Anion pi-radicals of fused-ring oxazoles.
Aromatic hydrocarbons and heterocyclics have been the subject of much electrochemical research. This is principally because quantum mechanics and its treatments may be correlated with data directly available from electrochemical experimentation. The first electrochemical reductions of polycyclic aromatic hydrocarbons were conducted by Wawzonek and Latinen (1942) and Wawzonek and Fan (1946). These pioneering experiments, however, yielded limited data concerning the reduction mechanism. Later workers, principally Hoijtink et al. (1954), proposed using an aprotic environment, thus eliminating several solvent interference problems. Hoijtink's investigations showed that, in solvents with a relatively low proton availability, polycyclic aromatic hydrocarbons undergo a one-electron reduction to form an anion pi-radical. This process is analogous to reduction of organic species by alkali metals in solvents such as tetrahydrofuran and dimethoxyethane (Hoijtink et al., 1956; Jaqur-Grodzinski et al., 1965).
Data from subsequent electrochemical reduction experiments in aprotic solvent supporting-electrolyte systems revealed that the anion pi-radicals were stable, and that their formations were reversible and diffusion-controlled (Gough and Powers, 1966). Aromatic polycyclics undergo further reduction at negative potentials beyond that required to form the [pi]-anion, but the characteristics of these processes are complicated (Hoijtink et al., 1956; Aten et al., 1959; Aten and Hoijtink, 1959). The second reduction current is typically about half a volt more negative, one-electron and irreversible or quasi-reversible in nature (Aten et al., 1959; Aten and Hoijtink, 1959).
Most higher potential current waves show slower rates of electron transfer. These rates are affected by the potential range where the transfer takes place. The irreversibility may be attributed to the fact that the dianions are sufficiently reactive to abstract protons from the solvent. The discussions of this paper will be limited only to the first wave or low-potential reduction of fused ring oxazoles.
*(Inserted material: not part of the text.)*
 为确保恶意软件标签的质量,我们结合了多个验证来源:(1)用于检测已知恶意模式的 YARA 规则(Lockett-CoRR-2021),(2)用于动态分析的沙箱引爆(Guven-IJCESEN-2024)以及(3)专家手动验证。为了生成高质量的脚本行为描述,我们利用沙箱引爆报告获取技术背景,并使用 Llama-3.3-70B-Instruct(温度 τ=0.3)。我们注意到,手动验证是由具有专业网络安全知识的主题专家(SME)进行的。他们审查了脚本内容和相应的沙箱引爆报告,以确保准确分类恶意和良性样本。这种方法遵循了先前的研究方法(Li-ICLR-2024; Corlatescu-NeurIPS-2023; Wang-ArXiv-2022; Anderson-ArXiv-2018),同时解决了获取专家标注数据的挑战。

Work described herein is concerned specifically with the electrochemical reduction of the fused-ring oxazole compounds: 2-phenylbenzoxazole (2-PBO), 2-phenylnaphthoxazole (2-PNO), 2-naphthylbenzoxazole (2-NBO), and 2-naphthylnaphthoxazole (2-NNO) (Fig. 1). Interest in these substances stemmed from research reported previously on 2,5-substituted oxazoles by Smith et al. (1972) and Greig and Rogers (1970). The 2,5-substituted oxazoles undergo a reduction characteristic of the general aromatic model described above by Smith et al. (1972) and Greig and Rogers (1970).
[FIGURE 1 OMITTED]
Smith et al. (1972) showed that substituted oxazoles could accept an electron into the pi-system and form stable anion pi-radicals if the oxazole ring is 2,5-substituted by aromatic rings. For the aromatic substituted oxazole to form a conjugated system, all the structural components must be coplanar. This is a matter of probability because the substituents of this molecule may exhibit rotation about a sigma bond. A fused system, however, incorporates the heterocycle directly, ensuring conjugation. The effect of extending the conjugated system by means of fusing a large aromatic structure to the 4- and 5- positions of the oxazole ring has not been considered. The effects of this type of addition in terms of thermodynamic and kinetic considerations are shown to predictable only to a limited degree.
A standard three-electrode cell consisting of working, counter and reference electrodes was employed. The data presented in this study were collected with a saturated calomel reference electrode (s. c. e.), a platinum mesh counter electrode, a platinum disc working electrode for cyclic voltammetry, and a dropping mercury working electrode for polarographic experiments. A Princeton Applied Research Model 273 Programmable Potentiostat was employed.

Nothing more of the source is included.